Alternative embodiments, may contemplate other methods for
determining the noise estimate or noise spectrum. The noise
spectrum (i.e., noise estimates for all frequency bands of an
acoustic signal) may then be forwarded to the AIS generator
410.
[0049] The AIS generator 410 receives speech energy of the primary
spectrum from the energy module 402. This primary spectrum may also
comprise some residual noise after processing by the noise
subtraction engine 304. The AIS generator 410 may also receive the
noise spectrum from the noise estimate module 408. Based on these
inputs and an optional ILD from the ILD module 404, a speech
spectrum may be inferred. In one embodiment, the speech spectrum is
inferred by subtracting the noise estimates of the noise spectrum
from the power estimates of the primary spectrum. Subsequently, the
AIS generator 410 may determine gain masks to apply to the primary
acoustic signal. More detailed discussion of the AIS generator 410
may be found in U.S. patent application Ser. No. 11/825,563
entitled "System and Method for Adaptive Intelligent Noise
Suppression," which is incorporated by reference. In exemplary
embodiments, the gain mask output from the AIS generator 410, which
is time and frequency dependent, will maximize noise suppression
while constraining speech loss distortion.

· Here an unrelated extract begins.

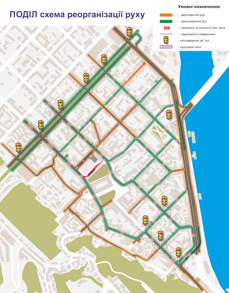 Для забезпечення комфортного функціонування пішохідного простору на Контрактовій, у 2018 році хочуть ввести односторонній рух у більшості кварталів від вулиць Нижній та Верхній вал до Поштової площі.

[0050] It should be noted that the system architecture of the noise
suppression engine 306a is exemplary. Alternative embodiments may
comprise more components, less components, or equivalent components
and still be within the scope of embodiments of the present
invention. Various modules of the noise suppression engine 306a may
be combined into a single module. For example, the functionalities
of the ILD module 404 may be combined with the functions of the
energy module 304.
[0051] Referring now to FIG. 5, a detailed block diagram of an
alternative audio processing system 204b is shown. In contrast to
the audio processing system 204a of FIG. 3, the audio processing
system 204b of FIG. 5 may be utilized in embodiments comprising a
close microphone array. The functions of the frequency analysis
module 302, masking module 308, and frequency synthesis module 310
are identical to those described with respect to the audio
processing system 204a of FIG. 3 and will not be discussed in
detail.
[0052] The sub-band signals determined by the frequency analysis
module 302 may be forwarded to the noise subtraction engine 304 and
an array processing engine 502. The exemplary noise subtraction
engine 304 is configured to adaptively subtract out a noise
component from the primary acoustic signal for each sub-band. As
such, output of the noise subtraction engine 304 is a noise
subtracted signal comprised of noise subtracted sub-band signals.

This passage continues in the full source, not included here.